Re: [PATCH v4] watchdog: orion_wdt: use timer1 as a pretimeout

From: Guenter Roeck
Date: Thu Aug 29 2019 - 08:34:22 EST


On 8/28/19 10:05 PM, Chris Packham wrote:
On Wed, 2019-08-28 at 21:45 -0700, Guenter Roeck wrote:
On 8/28/19 6:53 PM, Chris Packham wrote:
The orion watchdog can either reset the CPU or generate an interrupt.
The interrupt would be useful for debugging as it provides panic()
output about the watchdog expiry, however if the interrupt is used the
watchdog can't reset the CPU in the event of being stuck in a loop with
interrupts disabled or if the CPU is prevented from accessing memory
(e.g. an unterminated DMA).

The Armada SoCs have spare timers that aren't currently used by the
Linux kernel.

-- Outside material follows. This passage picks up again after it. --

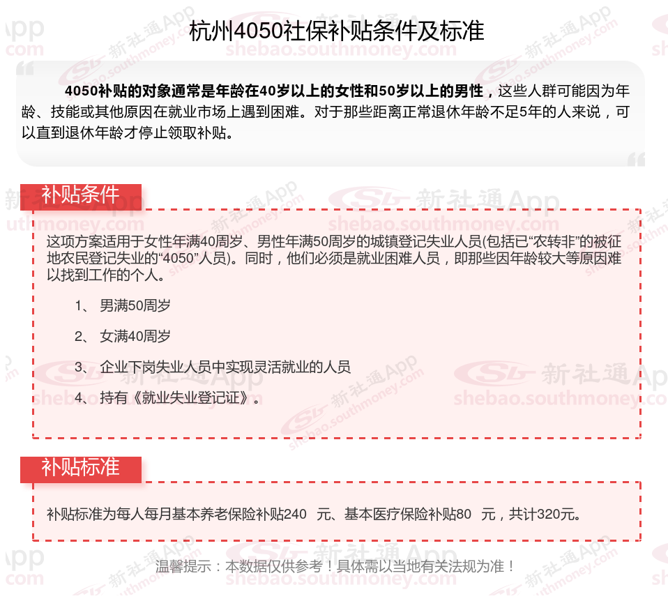 2025杭州4050补贴主要针对的是年龄在40岁以上的女性和50岁以上的男性,这些人群通常因为年龄较大而面临就业困难。

We can use timer1 to provide a pre-timeout ahead of the
watchdog timer and provide the possibility of gathering debug before the
reset triggers.

Signed-off-by: Chris Packham <chris.packham@xxxxxxxxxxxxxxxxxxx>
---

This was submitted previously[1], the other patches two from the series have
been picked up but this one seems to have fallen through the gaps.

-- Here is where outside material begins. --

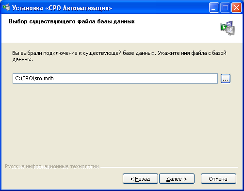 - Программа установки предложит указать путь к подключаемой базе данных. Изначально она лежит здесь C:\SRO\sro.mdb. Выберите этот путь, либо пропишите его вручную. Нажмите Далее.

I had marked it as "under review" but I don't recall why. Maybe it was because
it depended on the other patches, but I don't recall, and I didn't keep track
of those patches either. Sorry for that.


No problem. I think it was related to discussions around the other
patches. I had meant to follow up earlier.

Changes in v3:
- rebase against linux/master
Changes in v2:
- apply changes to armada-38x only

[1] - https://lore.kernel.org/linux-watchdog/20190305201924.14853-4-chris.packham@xxxxxxxxxxxxxxxxxxx/

drivers/watchdog/orion_wdt.c | 59 ++++++++++++++++++++++++++++++------
1 file changed, 50 insertions(+), 9 deletions(-)

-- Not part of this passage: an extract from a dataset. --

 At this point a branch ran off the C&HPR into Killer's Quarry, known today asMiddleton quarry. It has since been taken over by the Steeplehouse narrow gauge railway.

diff --git a/drivers/watchdog/orion_wdt.c b/drivers/watchdog/orion_wdt.c
index cdb0d174c5e2..f2e90bfd7186 100644
--- a/drivers/watchdog/orion_wdt.c
+++ b/drivers/watchdog/orion_wdt.c
@@ -46,6 +46,11 @@
#define WDT_AXP_FIXED_ENABLE_BIT BIT(10)
#define WDT_A370_EXPIRED BIT(31)
+#define TIMER1_VAL_OFF 0x001c
+#define TIMER1_ENABLE_BIT BIT(2)
+#define TIMER1_FIXED_ENABLE_BIT BIT(12)
+#define TIMER1_STATUS_BIT BIT(8)
+

It would be better to group the bits associated with a single register together.
The bits above are not associated with TIMER1_VAL_OFF, yet the grouping suggests
that this may be the case.

Will fix.


static bool nowayout = WATCHDOG_NOWAYOUT;
static int heartbeat = -1; /* module parameter (seconds) */
@@ -158,6 +163,7 @@ static int armadaxp_wdt_clock_init(struct platform_device *pdev,
struct orion_watchdog *dev)
{
int ret;
+ u32 val;
dev->clk = of_clk_get_by_name(pdev->dev.of_node, "fixed");
if (IS_ERR(dev->clk))
@@ -169,38 +175,48 @@ static int armadaxp_wdt_clock_init(struct platform_device *pdev,
}
/* Enable the fixed watchdog clock input */
- atomic_io_modify(dev->reg + TIMER_CTRL,
- WDT_AXP_FIXED_ENABLE_BIT,
- WDT_AXP_FIXED_ENABLE_BIT);
+ val = WDT_AXP_FIXED_ENABLE_BIT | TIMER1_FIXED_ENABLE_BIT;

This always sets TIMER1_FIXED_ENABLE_BIT, but later the enable bit is set
only conditionally. I don't know what is correct, but this asks for a comment.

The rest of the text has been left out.